Substitute 200 GPa for E and 95.12 for $L_e/r_y$.

$\begin{array}{c}{\sigma }_e=\frac{{\pi }^2\times 200\text{GPa}\times \frac{\text{1,000}\text{MPa}}{\text{1}\text{GPa}}}{{\left(95.12\right)}^2}\\ =218.164\text{MPa}\end{array}$

Find the critical stress $\left({\sigma }_{\text{cr}}\right)$ using the relation.

${\sigma }_{\text{cr}}=\left[{0.658}^{\frac{{\sigma }_Y}{{\sigma }_e}}\right]{\sigma }_Y$

Substitute 250 MPa for ${\sigma }_Y$ and 218.164 MPa for ${\sigma }_e$.

$\begin{array}{c}{\sigma }_{\text{cr}}=\left[{0.658}^{\frac{250}{218.164}}\right]250\\ =154.753\text{MPa}\end{array}$

Calculate the allowable stress $\left({\sigma }_{all}\right)$ using the relation.

${\sigma }_{all}=\frac{{\sigma }_{\text{cr}}}{1.67}$

Substitute 154.753 MPa for ${\sigma }_{\text{cr}}$.

$\begin{array}{c}{\sigma }_{all}=\frac{154.753}{1.67}\\ =92.667\text{MPa}\end{array}$

Calculate the allowable load $\left(P_{\text{all}}\right)$ using the equation.

$P_{\text{all}}={\sigma }_{\text{all}}A$

Substitute 92.667 MPa for ${\sigma }_{\text{all}}$ and $2\left(1,770\right){\text{mm}}^2$ for A.

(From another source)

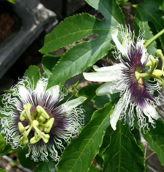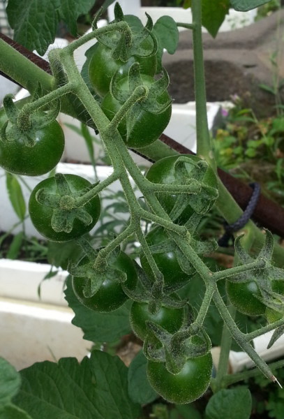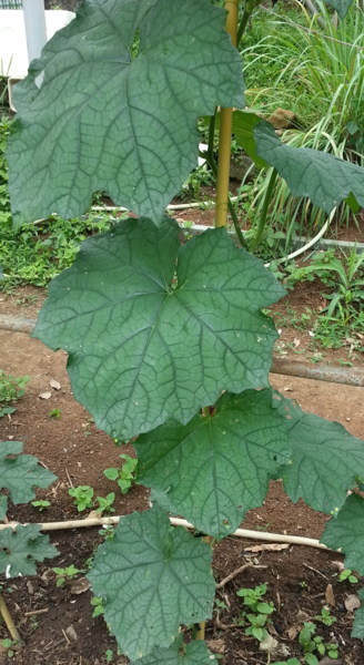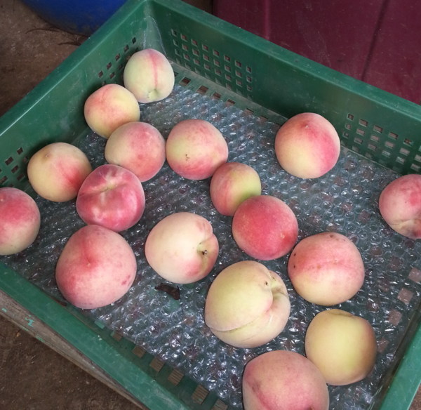 因為每棵樹上都結實纍纍,所以不用多少時間便每 個人的鐵桶都裝滿了桃子,把戰利品帶到鐵屋準備稱重 ,等待期間便四處參觀,期待發現更多新大陸。我看到 了在這兒種的植物特別肥大、多產,像:比臉還大的瓠 瓜葉子,身上掛滿了成串小番茄的番茄樹,以及樹梢上 開滿了白色花朵的軟心芭樂,還有四處攀爬的百香果; 似乎在這塊田地裡的植物都長得特別健壯,我想應該是 農地的主人下了很大的苦心,悉心照顧他們,才有今天 的成果。

$\begin{array}{c}{P}_{\text{all}}=92.667\times 2\left(1,770\right)\\ =328.04\times {10}^3\text{N}\times \frac{\text{1}\text{kN}}{\text{1,000}\text{N}}\\ =328.04\text{kN}\end{array}$

The centric load is less than the allowable load. Hence, the design is unsafe.

$P_{\text{all}}=328.04\text{kN}>P=325\text{kN}$

Therefore, the lightest angle that can be used for the design is $\underset{\_}{\text{L}89\times 64\times 12.7\text{mm}}$.